**Data shown**
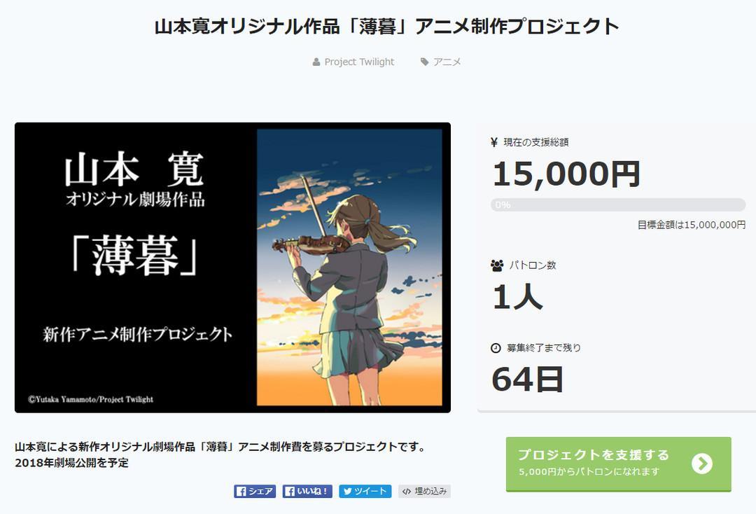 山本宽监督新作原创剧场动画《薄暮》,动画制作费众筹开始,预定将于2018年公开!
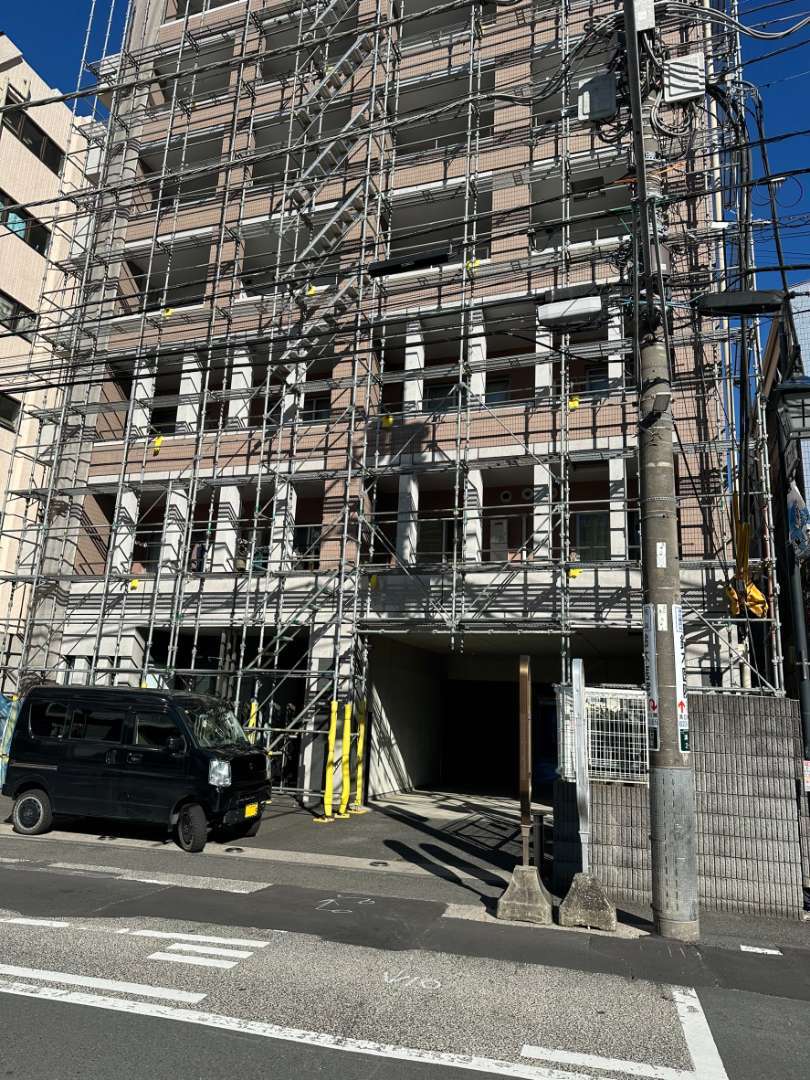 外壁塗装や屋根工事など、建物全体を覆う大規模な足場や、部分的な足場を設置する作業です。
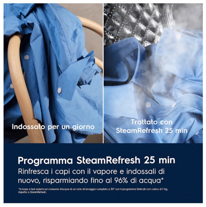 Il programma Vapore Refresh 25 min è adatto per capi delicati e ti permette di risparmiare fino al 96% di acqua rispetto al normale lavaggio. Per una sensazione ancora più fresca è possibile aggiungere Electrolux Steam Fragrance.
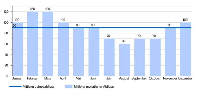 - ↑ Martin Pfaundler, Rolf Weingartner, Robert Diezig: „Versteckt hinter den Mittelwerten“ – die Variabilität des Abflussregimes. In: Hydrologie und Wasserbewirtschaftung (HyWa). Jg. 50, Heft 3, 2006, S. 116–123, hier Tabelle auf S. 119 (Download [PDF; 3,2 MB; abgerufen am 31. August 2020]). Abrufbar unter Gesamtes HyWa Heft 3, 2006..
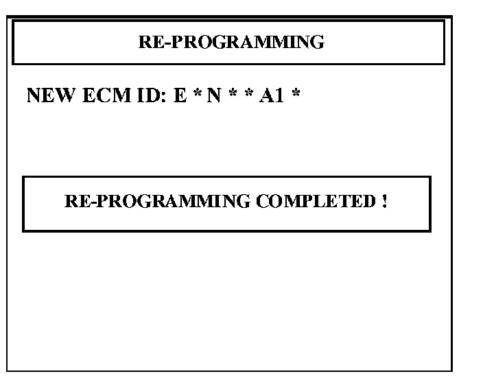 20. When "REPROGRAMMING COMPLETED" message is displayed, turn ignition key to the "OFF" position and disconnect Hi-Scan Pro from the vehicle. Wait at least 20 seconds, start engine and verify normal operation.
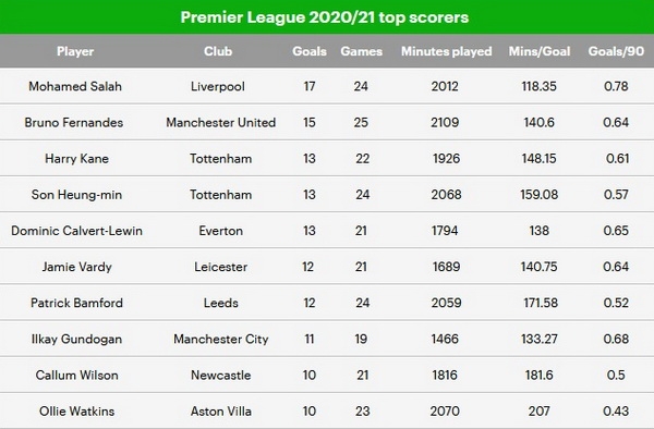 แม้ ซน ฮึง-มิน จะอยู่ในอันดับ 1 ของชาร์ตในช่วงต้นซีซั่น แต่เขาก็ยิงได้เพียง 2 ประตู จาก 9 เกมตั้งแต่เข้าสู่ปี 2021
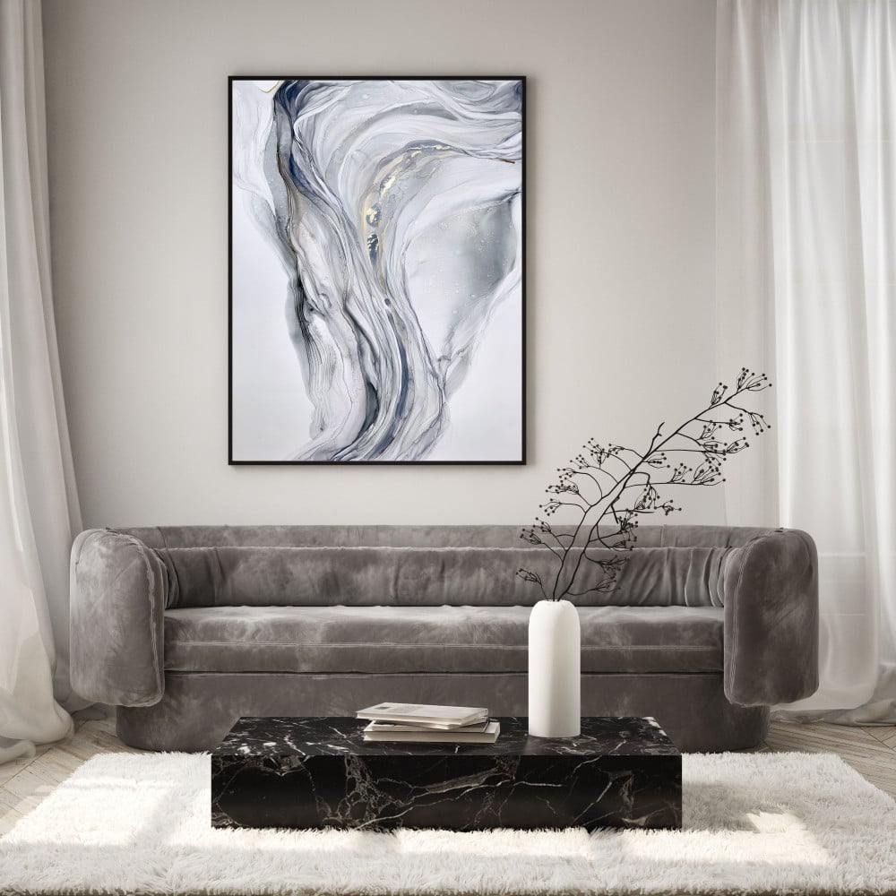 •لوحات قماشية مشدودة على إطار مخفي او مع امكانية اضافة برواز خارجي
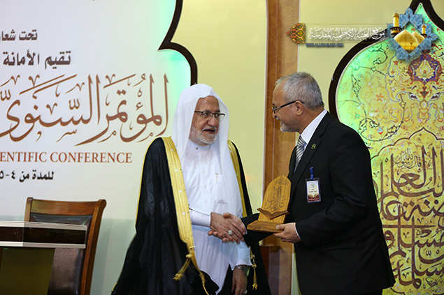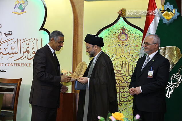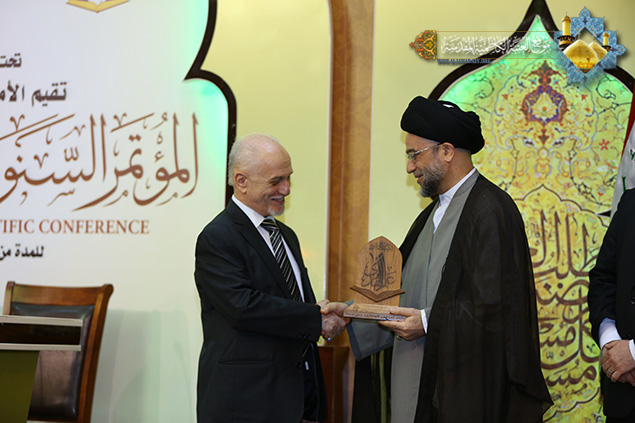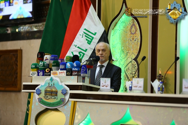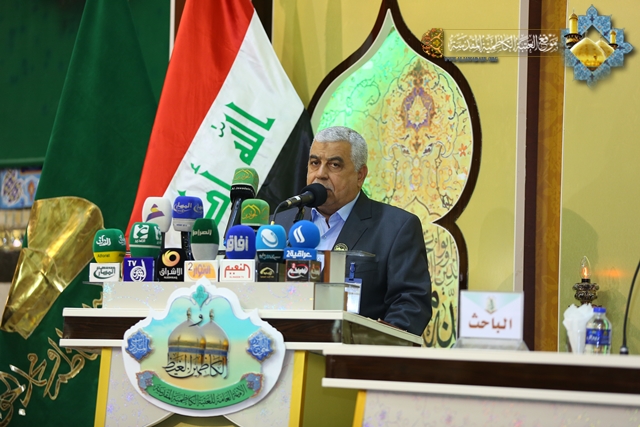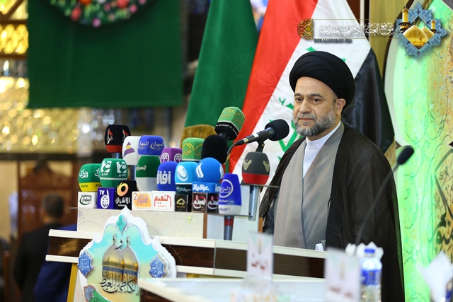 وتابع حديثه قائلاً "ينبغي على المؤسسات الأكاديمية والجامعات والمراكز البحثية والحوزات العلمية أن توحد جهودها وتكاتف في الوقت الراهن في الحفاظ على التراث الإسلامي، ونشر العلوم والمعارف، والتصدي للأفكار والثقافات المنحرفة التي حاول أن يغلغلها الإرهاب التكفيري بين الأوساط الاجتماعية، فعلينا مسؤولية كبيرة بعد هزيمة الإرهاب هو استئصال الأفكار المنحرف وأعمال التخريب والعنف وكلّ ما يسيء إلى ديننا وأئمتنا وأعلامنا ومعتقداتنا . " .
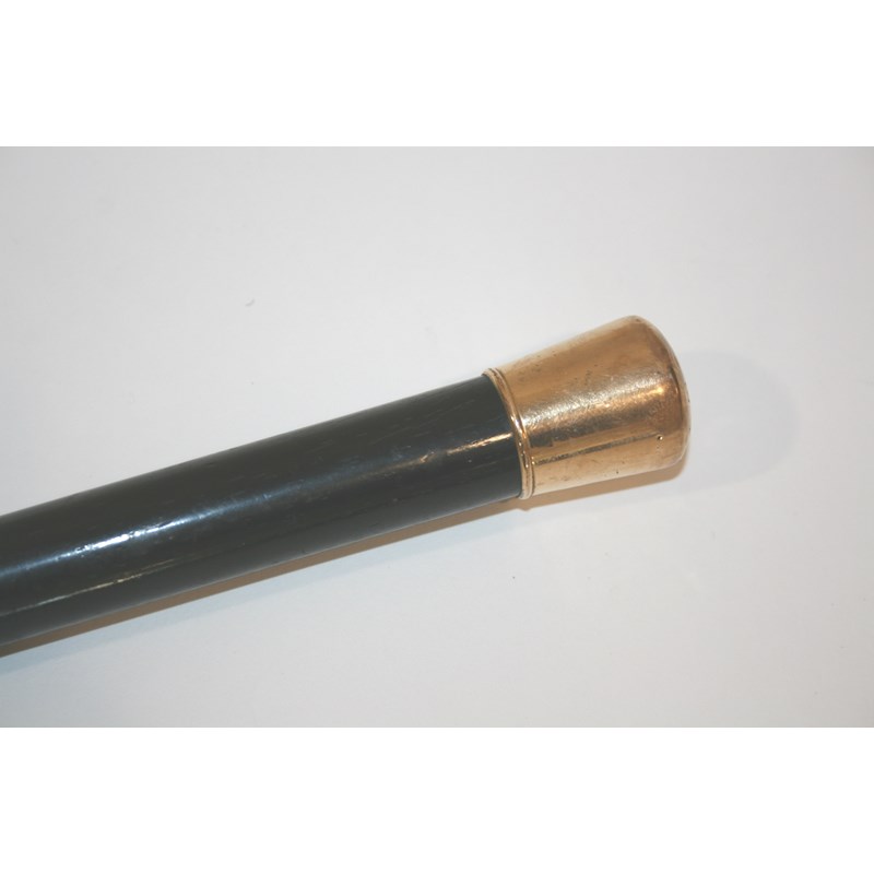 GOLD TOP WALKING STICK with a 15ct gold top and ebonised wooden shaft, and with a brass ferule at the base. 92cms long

**What the exercise asks**
Without the pictures, retype the whole of the material above exactly.

**Solution for this problem**
 山本宽监督新作原创剧场动画《薄暮》,动画制作费众筹开始,预定将于2018年公开!
 外壁塗装や屋根工事など、建物全体を覆う大規模な足場や、部分的な足場を設置する作業です。
 Il programma Vapore Refresh 25 min è adatto per capi delicati e ti permette di risparmiare fino al 96% di acqua rispetto al normale lavaggio. Per una sensazione ancora più fresca è possibile aggiungere Electrolux Steam Fragrance.
 - ↑ Martin Pfaundler, Rolf Weingartner, Robert Diezig: „Versteckt hinter den Mittelwerten“ – die Variabilität des Abflussregimes. In: Hydrologie und Wasserbewirtschaftung (HyWa). Jg. 50, Heft 3, 2006, S. 116–123, hier Tabelle auf S. 119 (Download [PDF; 3,2 MB; abgerufen am 31. August 2020]). Abrufbar unter Gesamtes HyWa Heft 3, 2006..
 20. When "REPROGRAMMING COMPLETED" message is displayed, turn ignition key to the "OFF" position and disconnect Hi-Scan Pro from the vehicle. Wait at least 20 seconds, start engine and verify normal operation.
 แม้ ซน ฮึง-มิน จะอยู่ในอันดับ 1 ของชาร์ตในช่วงต้นซีซั่น แต่เขาก็ยิงได้เพียง 2 ประตู จาก 9 เกมตั้งแต่เข้าสู่ปี 2021
 •لوحات قماشية مشدودة على إطار مخفي او مع امكانية اضافة برواز خارجي
 وتابع حديثه قائلاً "ينبغي على المؤسسات الأكاديمية والجامعات والمراكز البحثية والحوزات العلمية أن توحد جهودها وتكاتف في الوقت الراهن في الحفاظ على التراث الإسلامي، ونشر العلوم والمعارف، والتصدي للأفكار والثقافات المنحرفة التي حاول أن يغلغلها الإرهاب التكفيري بين الأوساط الاجتماعية، فعلينا مسؤولية كبيرة بعد هزيمة الإرهاب هو استئصال الأفكار المنحرف وأعمال التخريب والعنف وكلّ ما يسيء إلى ديننا وأئمتنا وأعلامنا ومعتقداتنا . " .
 GOLD TOP WALKING STICK with a 15ct gold top and ebonised wooden shaft, and with a brass ferule at the base. 92cms long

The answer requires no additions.